The irony is that even if the U.S. foreign policy establishment succeeds in forcing Europe to buy LNG from American companies, the price is unlikely to rise enough to save those companies — though the added revenue may buy them a bit more time before the next round of bankruptcies. Stay tuned.
GP
Labels: Big Oil, energy policy, European Union, fracking, Gaius Publius, Hillary Clinton, Kagan, Merkel, pipelines, Russia, Trump, Ukraine, Victoria Nuland
2 Comments:
Finally an article I can share again without furthering the DNC/Clinton propaganda about Putin/Russia being the reason for the second most disliked politician in modern history losing the Presidential election to some like Donald Trump.
I swear I've read good articles here lately that I chose not to share because it somehow found a way to throw in any reference it could to Putin or Russia, Rachel 'McCarthy' Maddow would be proud.
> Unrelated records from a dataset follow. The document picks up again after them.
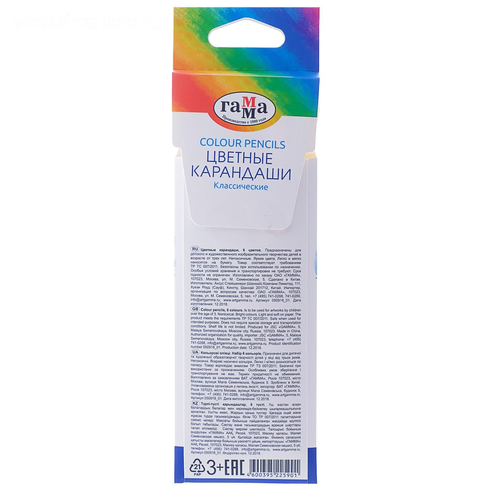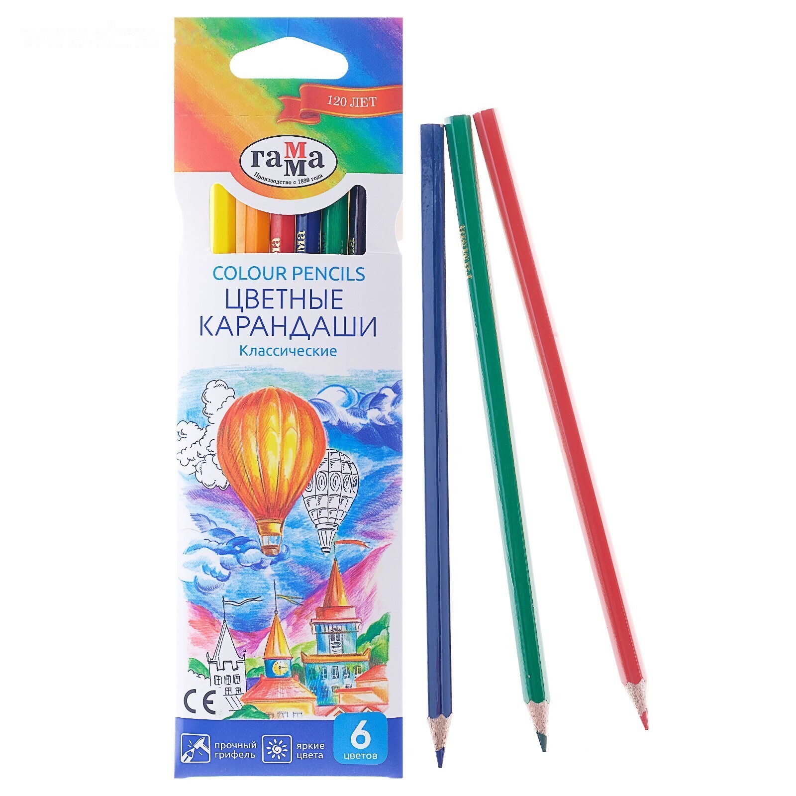 Карандаши 6 цветов «Гамма» «Классические», стержень d=2.6 мм, шестигранные
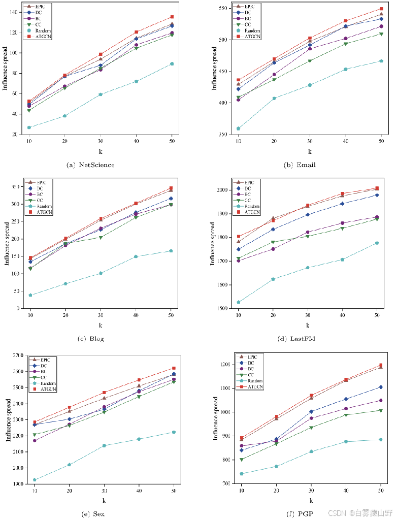 图7显示了控制参数为β = 1的ATGCN、EPIC[49]、DC[6]、BC[43]、CC[43]和Random[6]在6个真实社会网络上5种不同播种预算大小为10、20、30、40和50的实验结果。如图7所示,我们可以直观地肯定,随着播种预算k的增加,影响的传播也随之增加,因为寻求选择更多的种子会导致更广泛的影响传播。从实验结果中可以得出结论,与其他五种基线方法相比,所提出的ATGCN在任何网络下的性能都是最好的,而随机策略的性能一直是最差的。因此,毫无疑问,atgcn的表现是最突出的,证明了我们建议的政策的有效性。值得注意的是,当预算k = 20时,LastFM网络中出现了提议的ATGCN不如EPIC[49]的异常情况,即EPIC[49]选择的种子节点比ATGCN的影响力更大。在基线方法中,由于EPIC[49]是一种基于贪婪的算法,可以获得近似的保证,因此其实现的影响扩展优于其他四种方法。对于启发式中心性策略,由于不同网络中网络的拓扑信息不同,DC[6]、BC[43]和CC[43]在不同网络中的性能不稳定。然而,由于与各种网络相关的扩散实现和结构不同,数据集本身可能会对拟议的ATGCN与其他基线策略之间的差距产生影响,如图图所示。
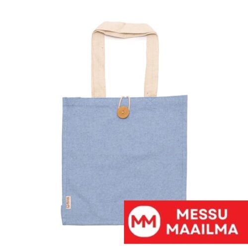 Kierrätetystä puuvillasta valmistettu kassi meleeratulla viimeistelyllä. Vahvistetut 70 cm pitkät kahvat. Nappikiinnitys.
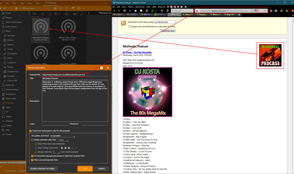 | Description | Podcast Art is not shown in Listing even RSS contain URL to podcast Art. Tested URLs are: http://feeds.feedburner.com/Mixfreaks?format=xml http://music.motiontraxx.com/episodes/motiontraxx.xml https://feeds.transistor.fm/netokracija-office-talks https://feeds.twit.tv/sn.xml | ||||
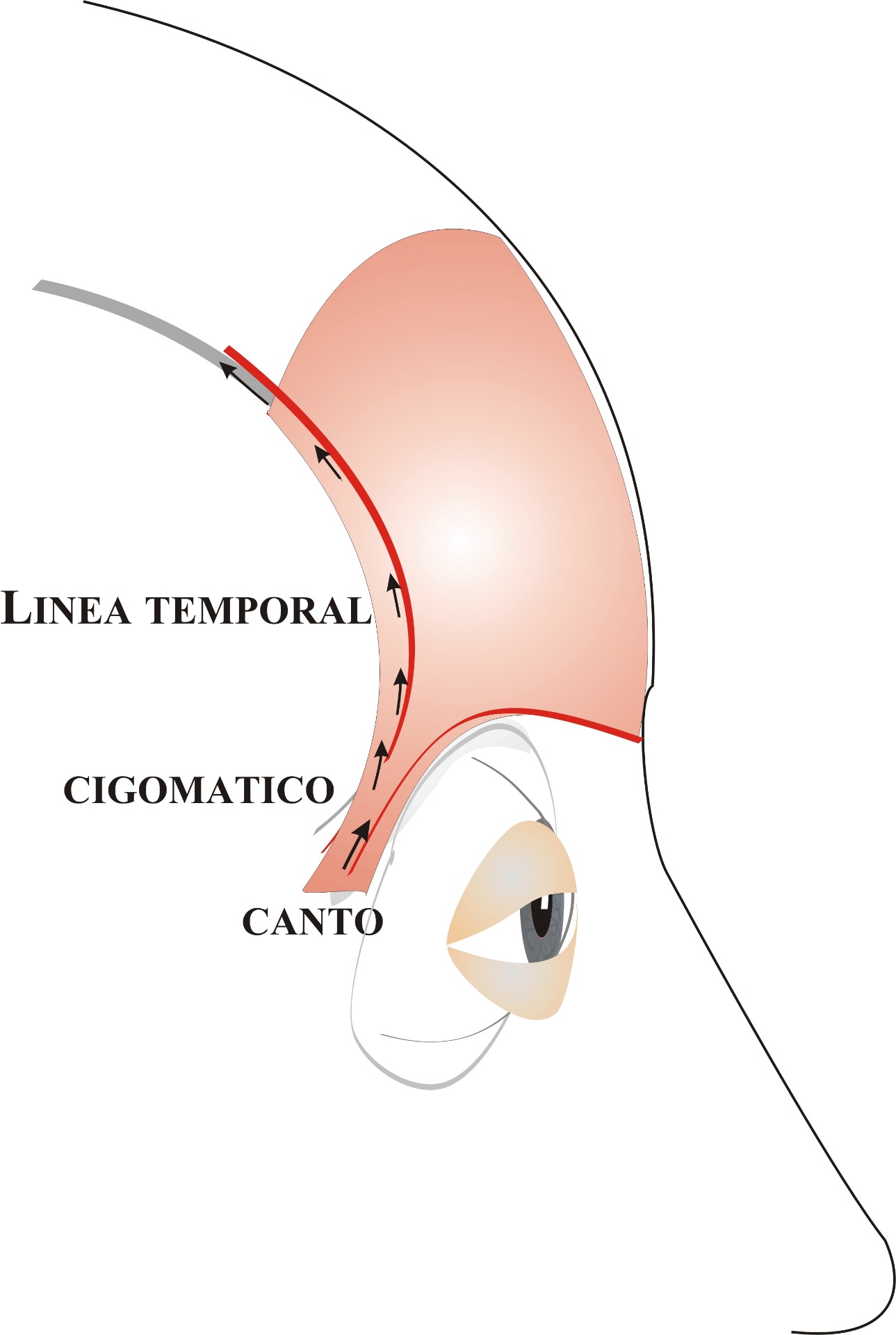 Fig.6: Hebung des Periost über ein Tunnel zwischen Kanthus Temporallinie.
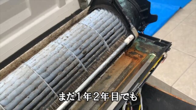 さらに酷いケースだと、この凍結洗浄エアコンは1,2年でファンにカビが生えてるケースもあるのです、、、
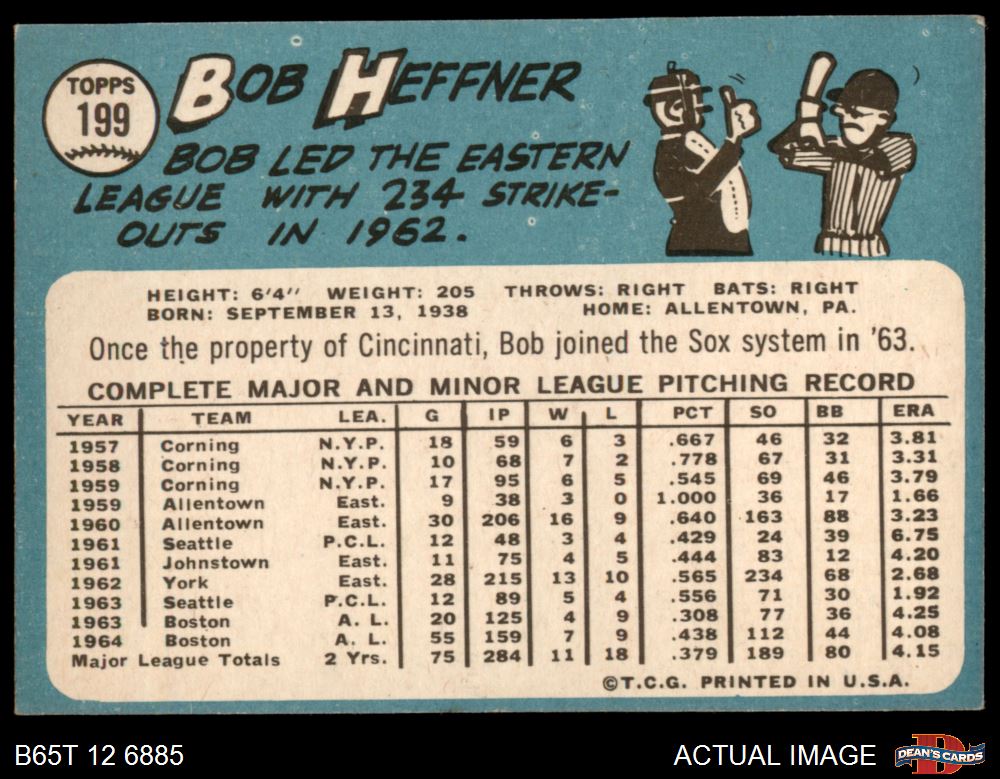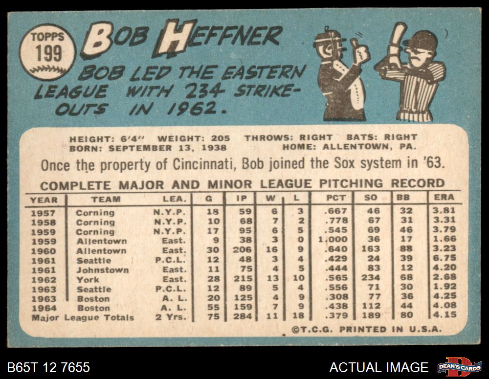 1965 Topps #199 Bob Heffner
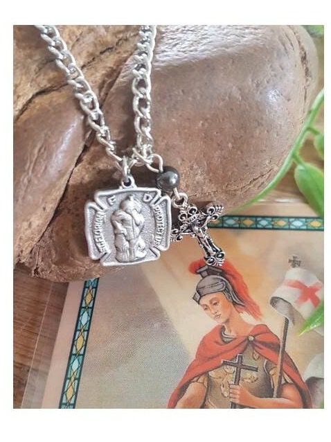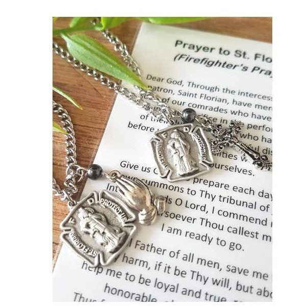 St Florian Medal with Prayer,Saint Florian Firefighters Saint,Patron Saint Pendant with Charm, Praying Hands and Crucifix,Saints Medal
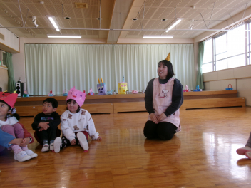 「自分のおなかの中には、どんな鬼が住んでいるかな?」と語りながら、今日は先生のお腹にいる鬼をみんなで退治しました
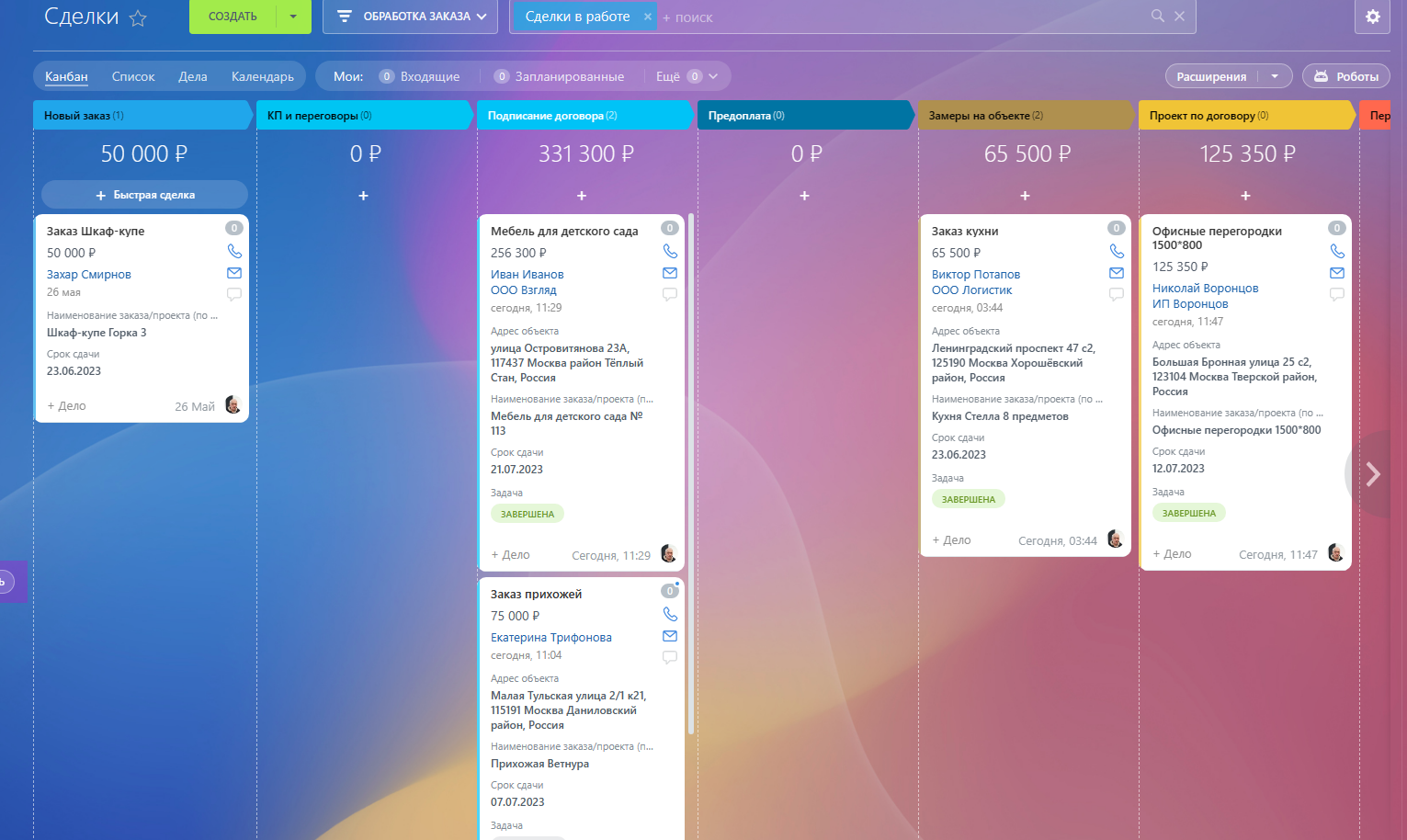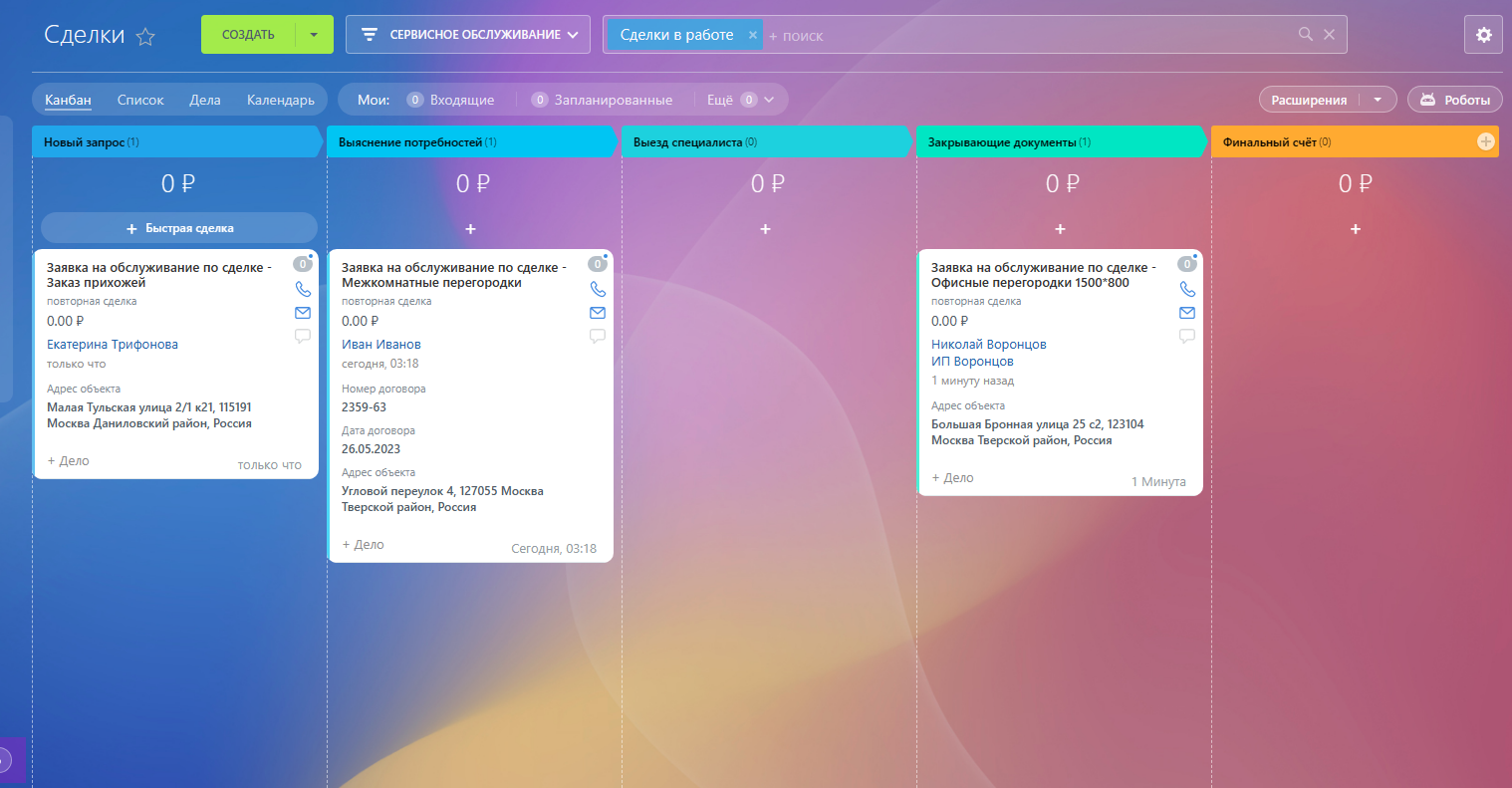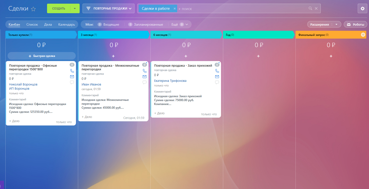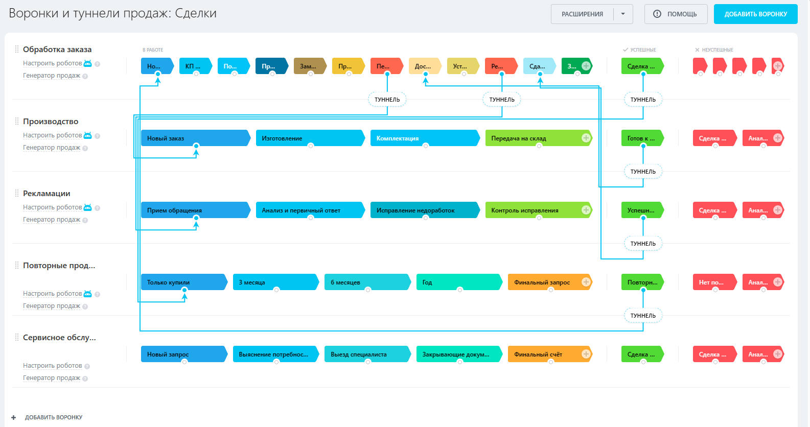 В CRM настроены туннели продаж для автоматического перехода сделок между воронками.

Like a weather report giving temperatures the forecast and just before credits roll blurting out Russia Russia Russia, goodnight.
Even the New York Tool had to back off the 17 intelligence agencies' statement, altho they didn't back off the propaganda and the STILL haven't even acknowledged the VIP report, one done by people with credentials and trustworthiness unlike the CIA, Pentagon, etc., the people the NYT's have ALWAYS quoted as the final authority (WMDs anyone? Gulf of Tonking? etc. etc. etc.). Of course the article following this on has Putin in the title...sigh.
Good piece. But like the invasion of Iraq, it's not "all about the oil". Big Energy is in bed with the GOP, but not so much with the Democrats. The only interest with deep hooks in both parties is AIPAC. I figure that's why the "Russia Sanctions" bill also included more sanctions against Iran, who AFAIK has never been accused of meddling in out elections.
Small quibble with the article: I find the phrase "all pipelines from Russia to Western Europe go through NATO territory" to be kinda confusing, because Western Europe IS "NATO territory". I'd say the real point is that the US has more clout in Eastern Europe than Western these days, so "Old Europe" might fear that the US would seek to weaken the new EU by twisting arms in the East.